This month the federal government announced its JobMaker Plan, to encourage businesses to hire workers in the 16 to 35 age bracket, through hiring credits of $100 or $200 per week, for 12 months. However, the way in which prospective workers are identified and engaged, may lead to a rise in liabilities for which many businesses may be uninsured.
The JobMaker Program
The government predicts that the JobMaker Hiring Credit program will create around 450,000 positions nationwide. The new recruits must be “eligible employees”. To be an eligible employee an employee must:
- “be aged either:
- 16 to 29 years old, to attract the payment of $200 per week; or
- 30 to 35 years old to attract the payment of $100 per week at the time their employment started;
- have worked at least 20 paid hours per week on average for the full weeks they were employed over the reporting period;
- commenced their employment between 7 October 2020 and 6 October 2021;
- have received the JobSeeker Payment, Youth Allowance (Other), or Parenting Payment for at least one month within the past three months before they were hired;
- be in their first year of employment with the employer, reflecting the hiring credit is only available for each additional job; and
- must be employed for the period that the employer is claiming for them.”
Using agencies to find eligible employees
But how will an eligible business know whether a job applicant has received one of the qualifying government benefits within the 3 months prior to hire?
Queue the training and apprenticeship agencies. With individuals pre-vetted for eligibility, agencies are already offering to pass on the JobMaker payments to businesses that engage workers through them.
So what’s the catch?
Workers’ compensation insurance
If a business hires a worker directly and that worker is injured, the business will be covered by the policy of workers’ compensation that it has in place for amounts payable to the worker (subject to the limits of the policy).

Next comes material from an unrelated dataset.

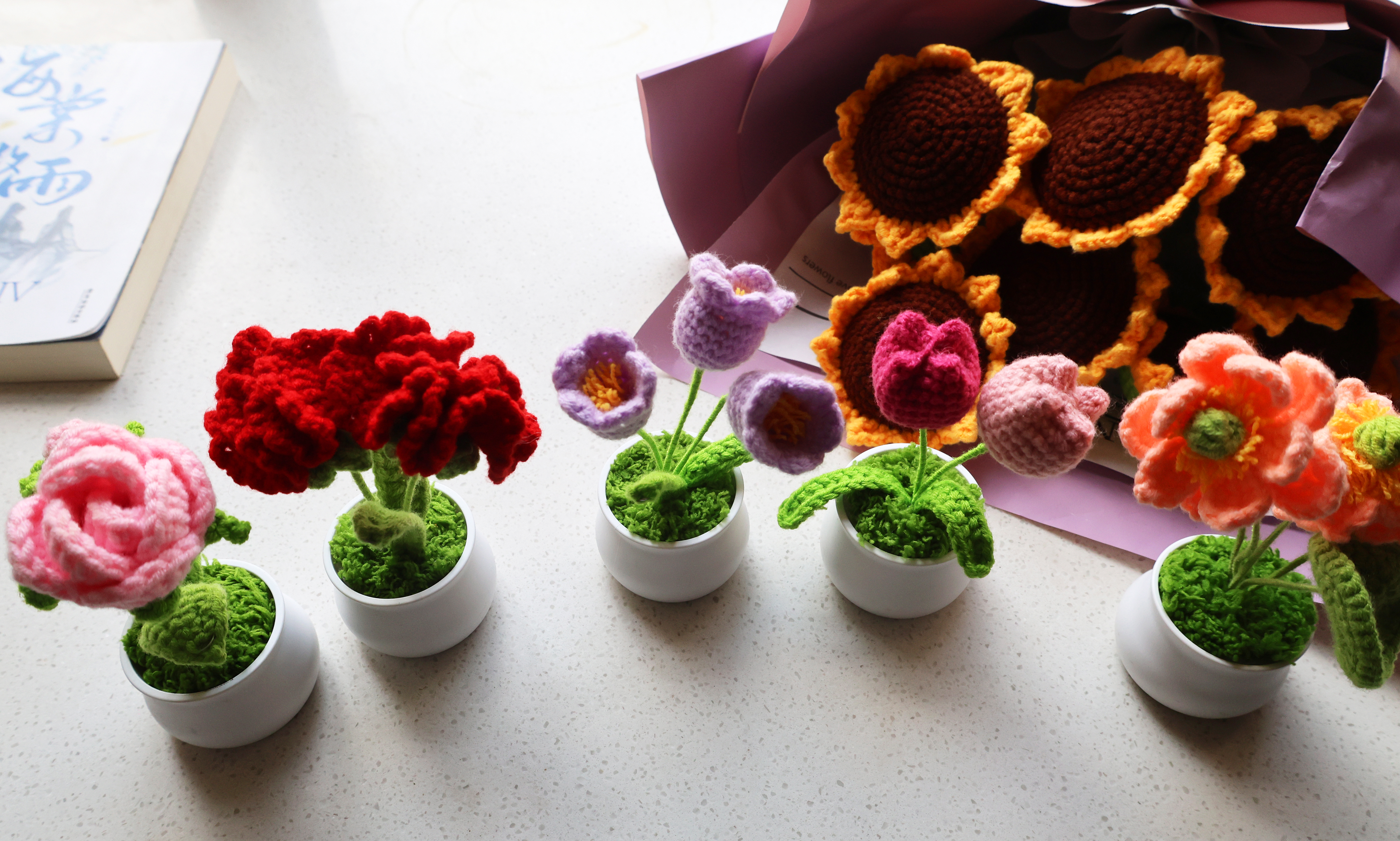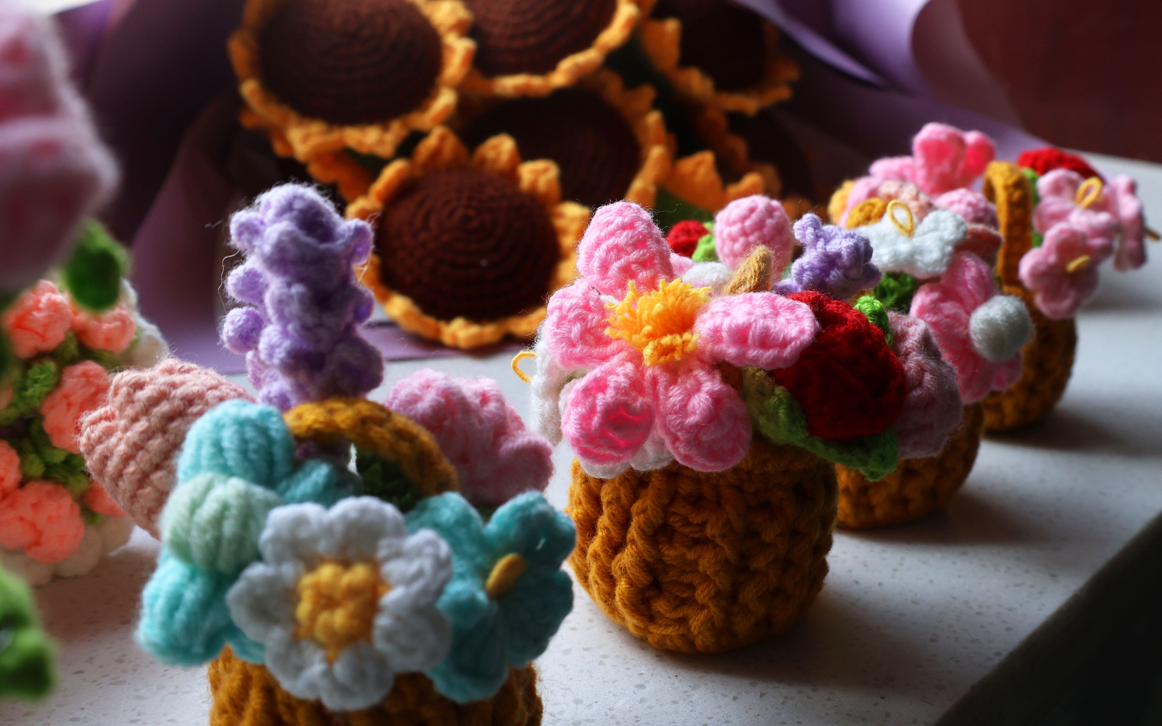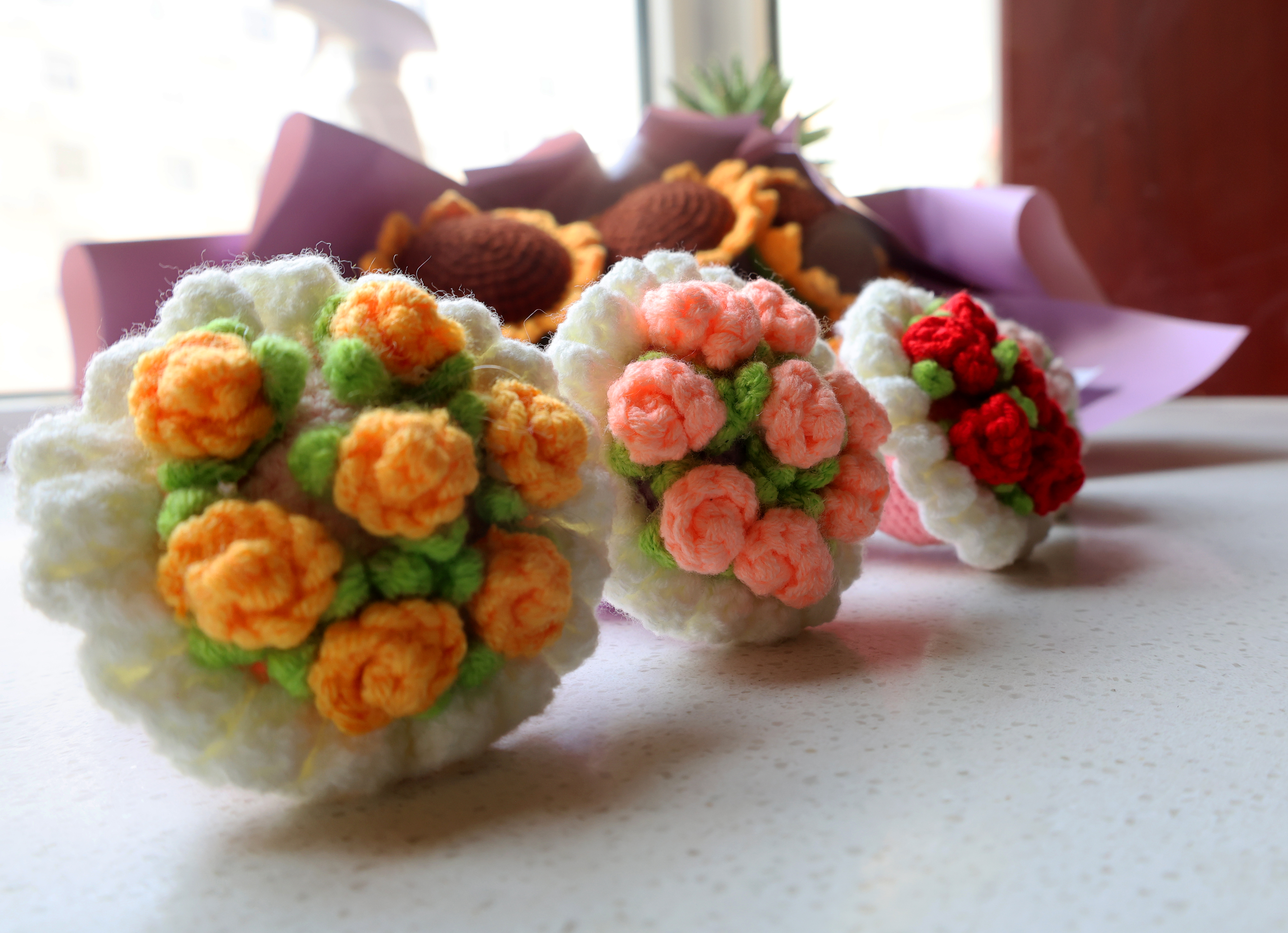 从此,吕艳梅像着了魔:粉色玫瑰娇艳,橘色玫瑰热烈,渐变色玫瑰层次分明,她一口气钩织了能想到的所有颜色;后来又挑战百合、向日葵、薰衣草,每朵花都得琢磨半天——长针勾勒花瓣的舒展,短针收紧花芯的饱满,加针、减针调整弧度,毛线的粗细还要搭配不同型号的钩针,“差一丝,花就没了灵气。”钩好的花送给亲友,总被夸“手巧”,这份认可,成了她继续创作的动力。

However, if a business engages a trainee or apprentice through an agency, the business probably won’t be the “employer” for the purposes of workers’ compensation. The agency will be.

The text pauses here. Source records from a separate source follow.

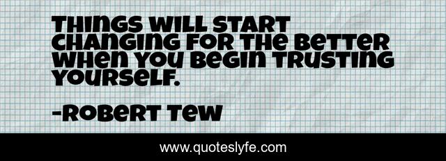 This page presents the quote "Things will start changing for the better when you begin trusting yourself.". Author of this quote is Robert Tew. This quote is about trusting, trust, growth, change, yourself,.
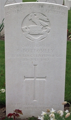 He enlisted in Liverpool and was serving in the 17th Battalion, The King’s Liverpool Regiment as Private No 52872 when he died of wounds on the 03rd July, 1917 aged 27.
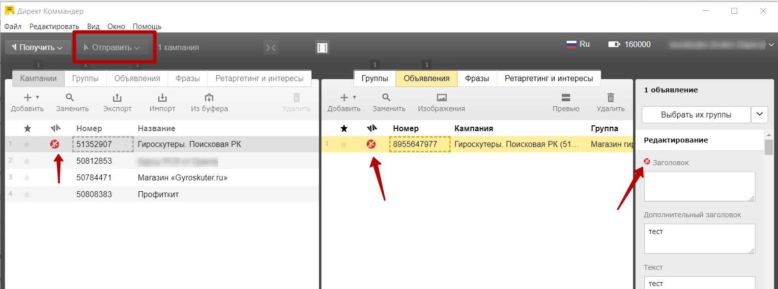 На скрине мы не заполнили заголовок 1 для объявления. После обязательно (!) отправьте измененную кампанию обратно на сервер через кнопку “Отправить”.
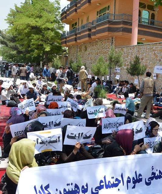 دانشجويان دانشكده علوم‌اجتماعي دانشگاه كابل دو روز است كه دست به اعتصاب غذاي نامحدود زده‌اند. آنان در مقابل دروازه پار لمان تجمع كرده‌اند و دوزاده صنف درسي دانشكده به صورت كامل تعطيل شده است. تعداد آنان به هشت صد نفر مي‌رسد. صد نفر از آنان در اعتصاب غذاي به سر مي‌برند و ساير آنان در كنار آنان به تحصن پرداخته‌اند.
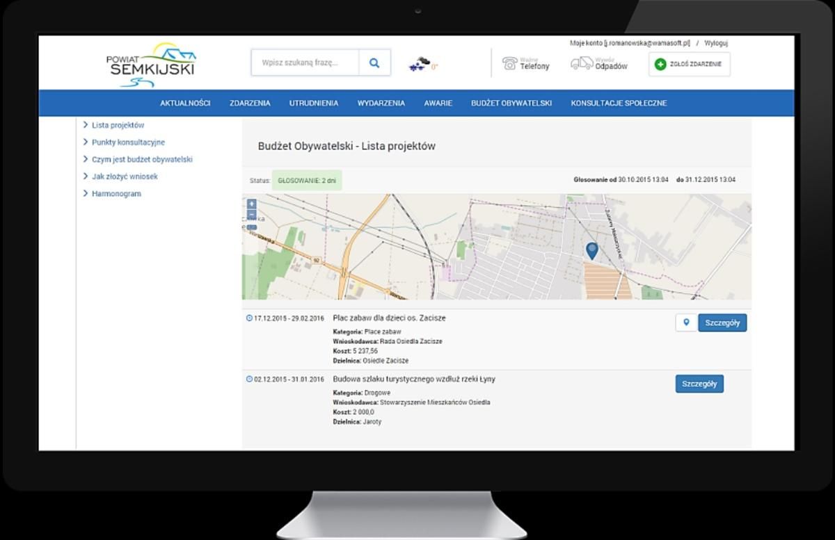 - tworzy mapę propozycji projektów która może służyć w przyszłości jako element weryfikacji potrzeb mieszkańców
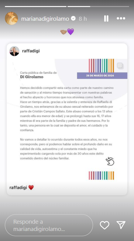Cabe recordar que la actriz es prima de Raffaella di Girolamo, hija de Claudia di Girolamo, quien es tía de Mariana. En la storie, Mariana puso un emoji de dos manos y un corazón de color morado junto a la carta pública de su prima Di Girolamo. Además, no ha sido la única que ha tomado postura frente a la acusación. Las últimas horas también lo hizo la actriz Josefina Montané, pareja Pedro Campos, hijo de Cristián Campos.

Where a worker is an employee of a training and apprenticeship agency, the business will be the “host employer”. The business may hold both a policy of workers’ compensation insurance and a public liability policy. However, as the new hire would not be a “worker”, any injury they suffer in the course of their duties would not be covered by the host employer’s workers’ compensation policy.

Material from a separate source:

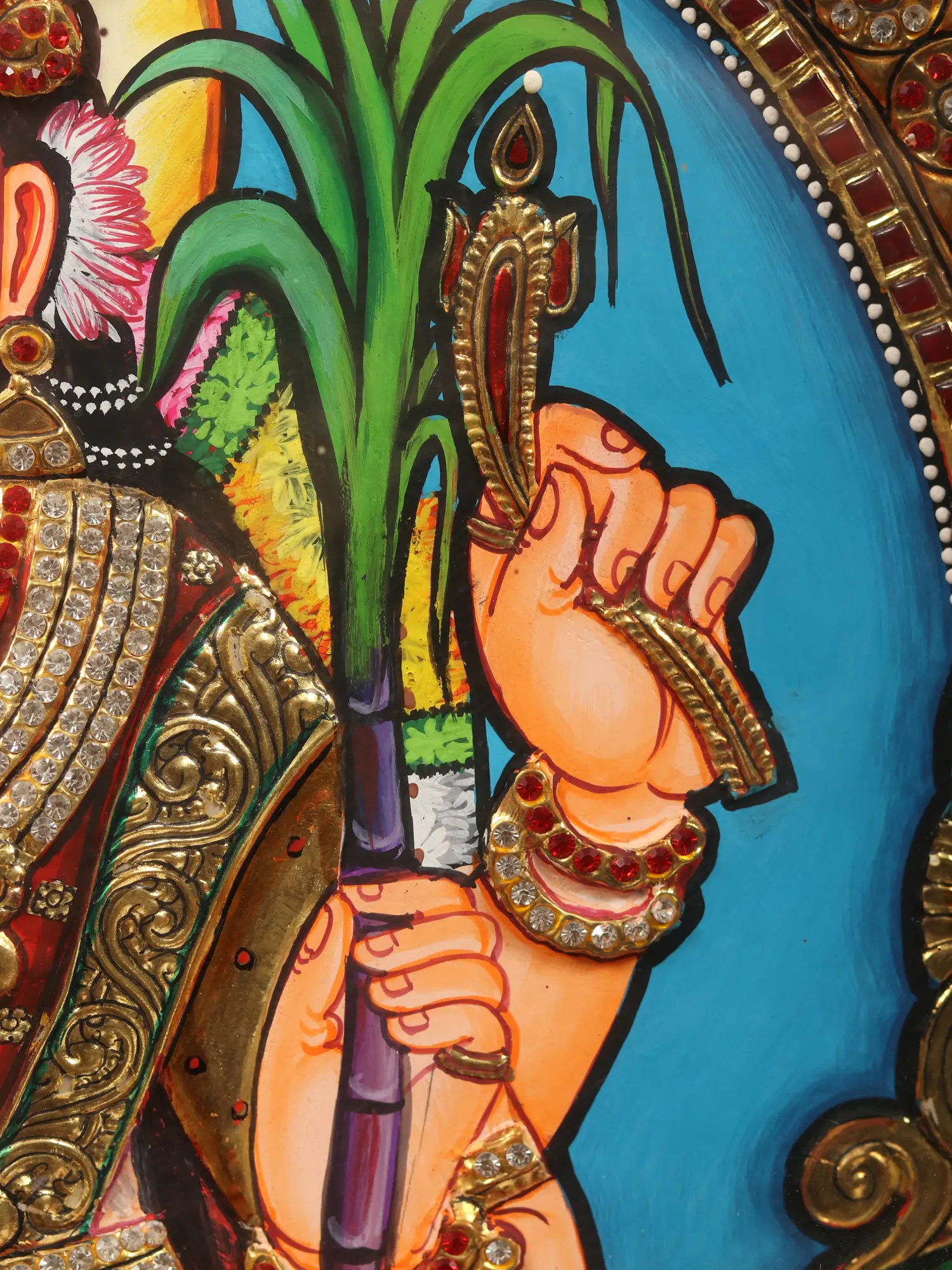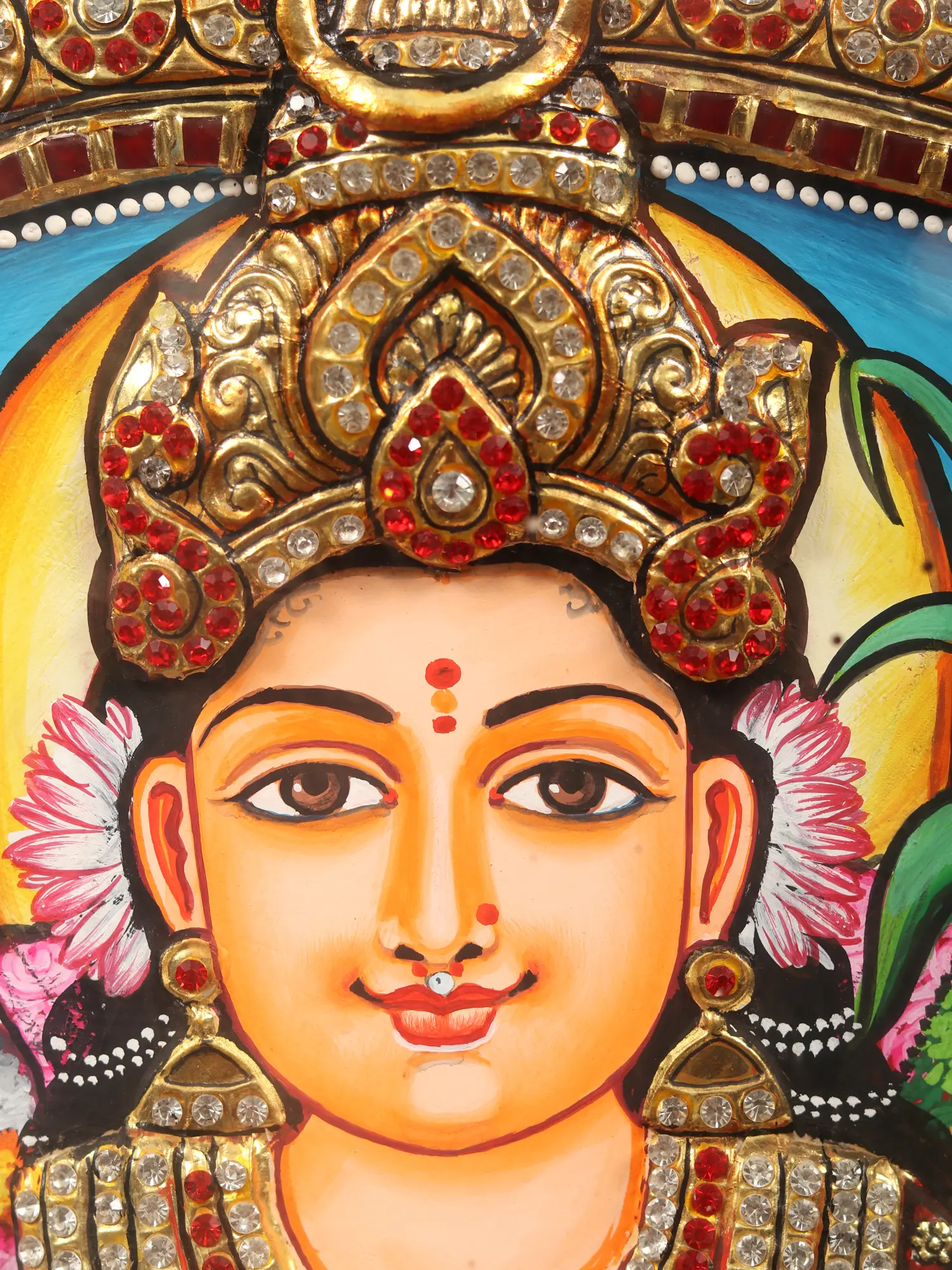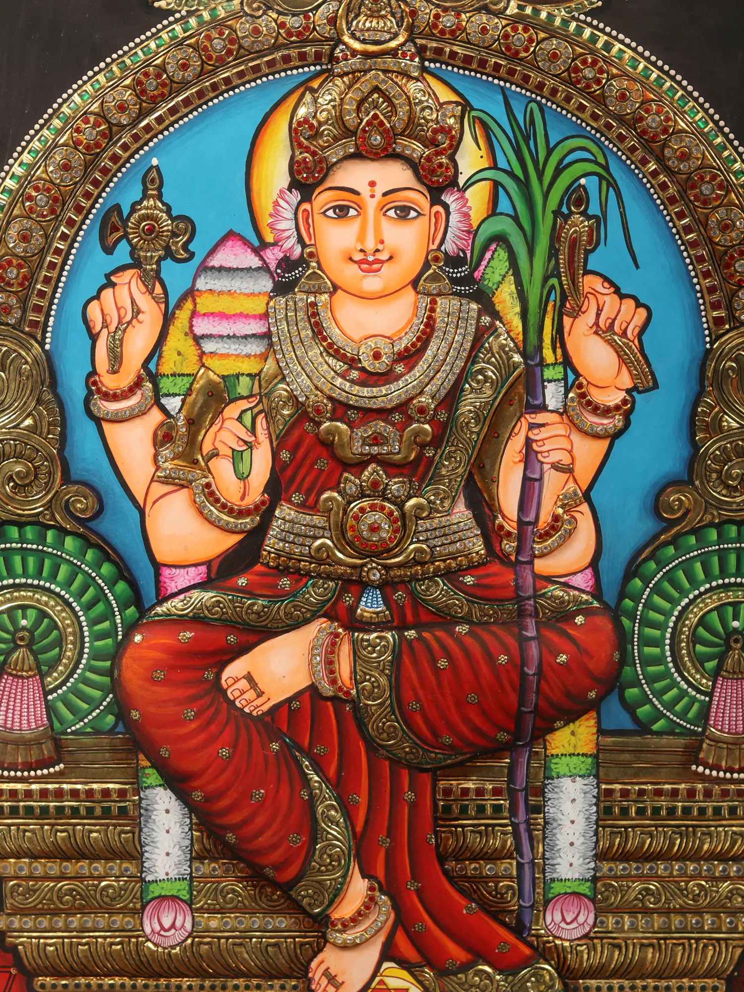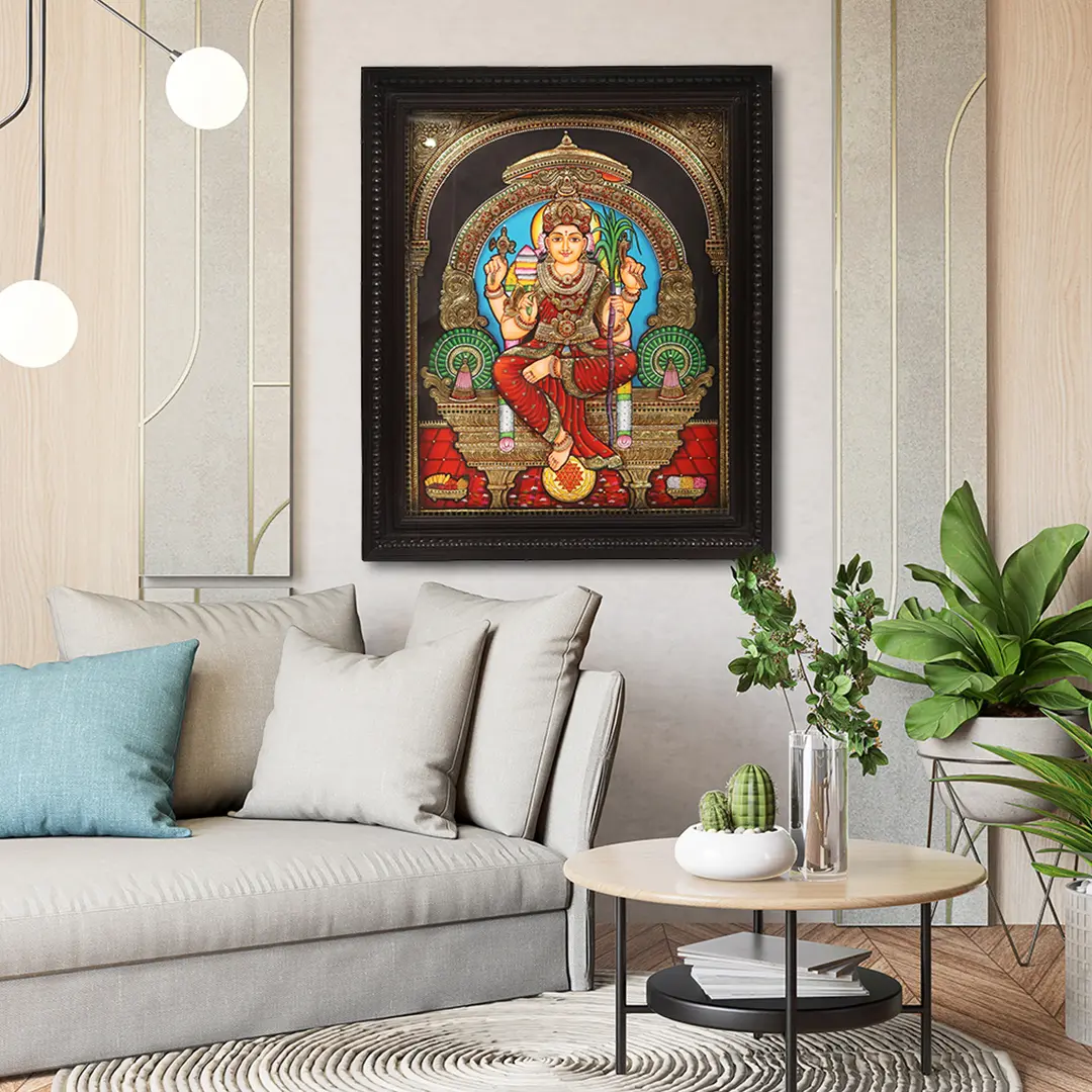 The hallmark golden embellishments of Tanjore's art perfectly reflect her persona as the deity who dwells in a jewel-encrusted city, symbolizing prosperity and beauty.

Public liability insurance
So what about the host employer’s public liability insurance of the business? It is standard for public liability policies to contain an employers liability exclusion. The wording of such clauses varies from insurer to insurer but they generally exclude cover for injuries suffered by individuals to whom benefits are payable under workers’ compensation or, who are engaged under a contract of service. This means that (subject to the insurer’s policy wording) if a JobMaker is injured in the workplace of their host employer, the business may face an uninsured claim.
Liabilities in contract
There is also the problem of any liability in contract that a host employer may assume in an agreement with an agency. If, for example, the agency has a contractual indemnity in its favour and a workers’ compensation claim is made by the worker, the agency’s workers’ compensation insurer may call on that indemnity. Insurance policies do not generally respond to liabilities assumed in contract and so, the host employer may again, face an uninsured loss.
What should you do?
Businesses retaining individuals through the JobMaker Program, should review their workers’ compensation and public liability policies in consultation with an insurance broker to understand whether they have adequate cover. Additional cover may be available in the market that will address (at least in part) the risk of an injury to a JobMaker in the workplace – at a price. The terms of the agreement with any relevant agency should also be carefully considered, to understand whether the business is assuming liabilities in contract for which it holds no insurance. After taking into account training costs, increased insurance premiums and the potential for uninsured liabilities, it may be that the JobMaker juice is not, in fact, worth the squeeze for a post covid business, when individuals are retained through agencies.